### [ACTION ITEM]
From the data below, repeat exactly the lines from the line with "0.8V 时呈现蓝色,虽然它们的光学对比度低于43% [57]" to the line with "После разделывания рыбы", both included.

### [INPUT FOR THIS TASK]
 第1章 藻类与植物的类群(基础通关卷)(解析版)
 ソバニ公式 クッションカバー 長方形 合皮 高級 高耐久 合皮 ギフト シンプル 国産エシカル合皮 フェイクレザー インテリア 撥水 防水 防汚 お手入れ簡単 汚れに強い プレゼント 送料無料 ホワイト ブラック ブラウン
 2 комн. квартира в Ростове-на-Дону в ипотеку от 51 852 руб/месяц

---

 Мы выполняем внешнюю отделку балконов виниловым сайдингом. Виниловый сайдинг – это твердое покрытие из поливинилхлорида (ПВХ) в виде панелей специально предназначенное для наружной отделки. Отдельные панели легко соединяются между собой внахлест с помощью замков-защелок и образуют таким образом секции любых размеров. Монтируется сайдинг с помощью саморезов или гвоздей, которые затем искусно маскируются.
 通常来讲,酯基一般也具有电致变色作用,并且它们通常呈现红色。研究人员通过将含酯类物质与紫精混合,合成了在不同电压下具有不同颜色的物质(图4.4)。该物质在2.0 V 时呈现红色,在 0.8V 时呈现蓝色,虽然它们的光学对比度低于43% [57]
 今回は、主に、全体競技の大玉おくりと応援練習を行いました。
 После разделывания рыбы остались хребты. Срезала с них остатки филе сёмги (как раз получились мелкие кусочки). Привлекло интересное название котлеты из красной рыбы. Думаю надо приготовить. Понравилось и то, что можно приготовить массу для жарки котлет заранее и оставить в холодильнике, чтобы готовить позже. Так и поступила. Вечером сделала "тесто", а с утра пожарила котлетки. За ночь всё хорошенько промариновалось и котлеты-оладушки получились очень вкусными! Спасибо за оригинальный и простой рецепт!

### [ANSWER SECTION]
 通常来讲,酯基一般也具有电致变色作用,并且它们通常呈现红色。研究人员通过将含酯类物质与紫精混合,合成了在不同电压下具有不同颜色的物质(图4.4)。该物质在2.0 V 时呈现红色,在 0.8V 时呈现蓝色,虽然它们的光学对比度低于43% [57]
 今回は、主に、全体競技の大玉おくりと応援練習を行いました。
 После разделывания рыбы остались хребты. Срезала с них остатки филе сёмги (как раз получились мелкие кусочки). Привлекло интересное название котлеты из красной рыбы. Думаю надо приготовить. Понравилось и то, что можно приготовить массу для жарки котлет заранее и оставить в холодильнике, чтобы готовить позже. Так и поступила. Вечером сделала "тесто", а с утра пожарила котлетки. За ночь всё хорошенько промариновалось и котлеты-оладушки получились очень вкусными! Спасибо за оригинальный и простой рецепт!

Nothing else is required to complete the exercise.